The amended telecommunication act, 2006 gave unrestricted power of telephone tapping on the excuse of state security or public order. But this power could never be unrestricted. In 1996, in the verdict of People’s Union of Civil Liberties vs Union of India case, the Indian Supreme Court said, “An order for telephone-tapping … shall not be issued except by the Home Secretary, Government of India (Central Government) and Home Secretaries of the State Governments. In an urgent case the power may be delegated to an officer of the Home Department of the Government of India and the State Governments not below the rank of Joint Secretary.” It also said, “If on an investigation the (Review) Committee concludes that there has been a contravention of the provisions of Section 5(2) of the Act, it shall set aside the order under scrutiny of the Committee. It shall further direct the destruction of the copies of the intercepted material.”

In 2017, in the verdict of justice KS Puttaswamy (Retd) vs Union of India suit, the Indian Supreme Court said, “The right of privacy is a fundamental right. It is a right which protects the inner sphere of the individual from interference from both State, and non-State actors and allows the individuals to make autonomous life choices.” The verdict further said if any legal restriction is imposed on the right, it should be logical, for public interests and be subject to the principle of proportionality and it must not be a weapon of the government’s whim. Draft of an act on personal data-protection, composed following the verdict, is currently under vetting of a joint parliamentary committee of India.

In Bangladesh, the High Court expressed concern about this in the verdict of State vs Oli case on 28 August, 2019. The court observed, “It is our common experience that currently citizens’ personal communications, including audio and video, are leaked in social media for different reasons.” The court also said that Bangladesh Telecommunication Regulatory Authority (BTRA) and telephone companies have responsibilities to abide by the rights to citizens in this regard and they cannot give any information of their customers to anybody without following any law consistent to the constitution.
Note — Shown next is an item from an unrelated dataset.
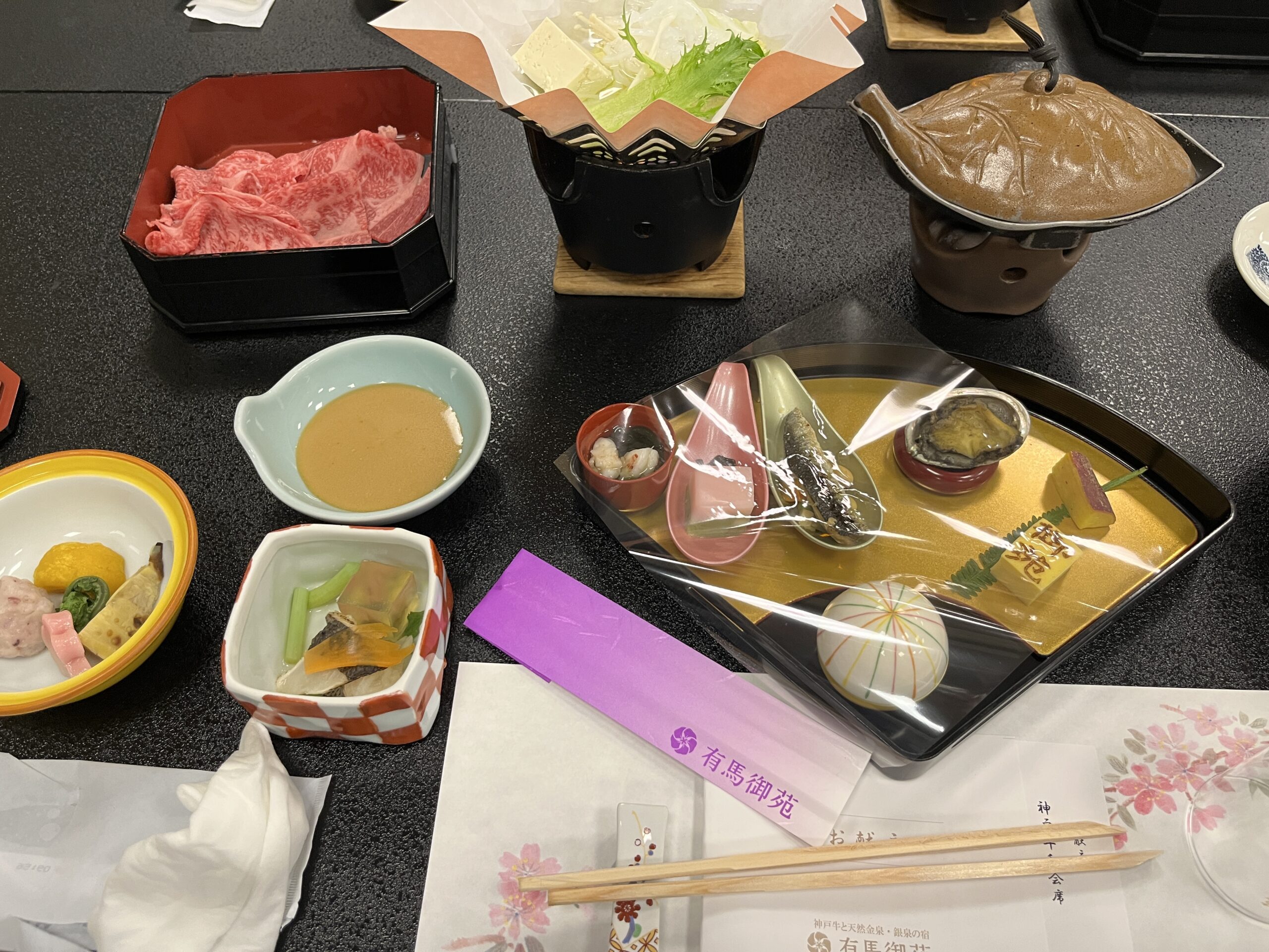 旅館の夕食です。しゃぶしゃぶがとてもおいしかったです。温泉は、もちろん、金泉、銀泉にも入りました。
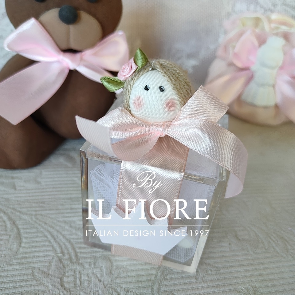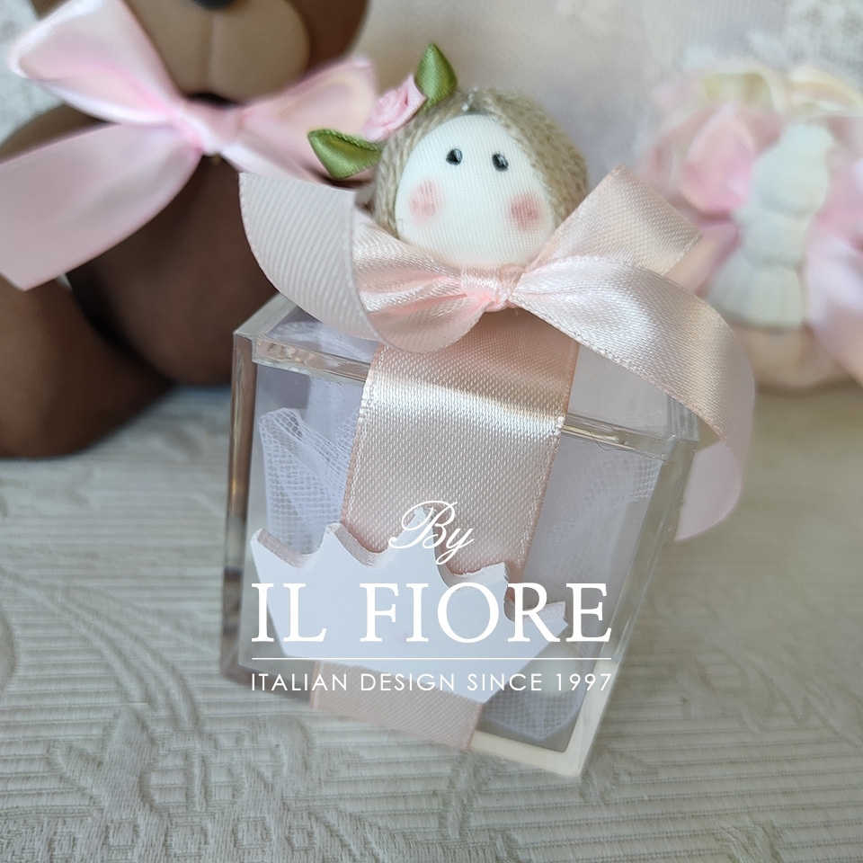 Bomboniera Battesimo scatola in plexiglass con Principessa o Principino e coroncina.

The verdict, however, neither talked about the responsibilities of leaked phone conversation nor did discuss about the legality of Section 97 (A) of the telecommunication act. Since the pronouncement of the verdict, many incidents of not only recording phone conversation but also leaking those on social media have taken place. Sometimes, those could be done by any citizen (for blackmailing or personal enmity). But there is no reason to think that the leaders of de facto opposition BNP or Mahmudur Rahman Manna or Nurul Haque or their political followers leaked their phone conversations for their own peril.

3.

Telecommunication service providers and the government intelligence agencies’ have the highest capabilities to tap telephones of opposition political leaders or dissenters and leaking those online. But neither they have the right to leak those nor any TV channel or any other news media or any other have any right to publish those. According to the ICT and Digital Security Act, these are criminal offences. The government is seen proactive to file suits under these acts in incidents related to expression of opinions but it is not active to stop recording of citizens’ phone conversations and leaking of those.
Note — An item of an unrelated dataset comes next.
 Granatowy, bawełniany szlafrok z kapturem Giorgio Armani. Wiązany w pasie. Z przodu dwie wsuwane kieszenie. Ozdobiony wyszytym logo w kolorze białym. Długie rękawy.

If the government had taken initiative, it could have brought the TV channels airing those leaked conversations to book and could have found out who are supplying those to them. No such intention was showed by the government. Rather, it is being seen that the leaked phone conversations are helping the government in its political ploys.

This must be stopped without any delay. A privacy protection act is necessary for our citizens. We also should think about why the victims are not confident enough to go to the court even after the spate of leaked phone conversations and why, in spite of condemnations, some TV channels or news media have been making those public.

* Asif Nazrul is a professor at the law department of Dhaka University.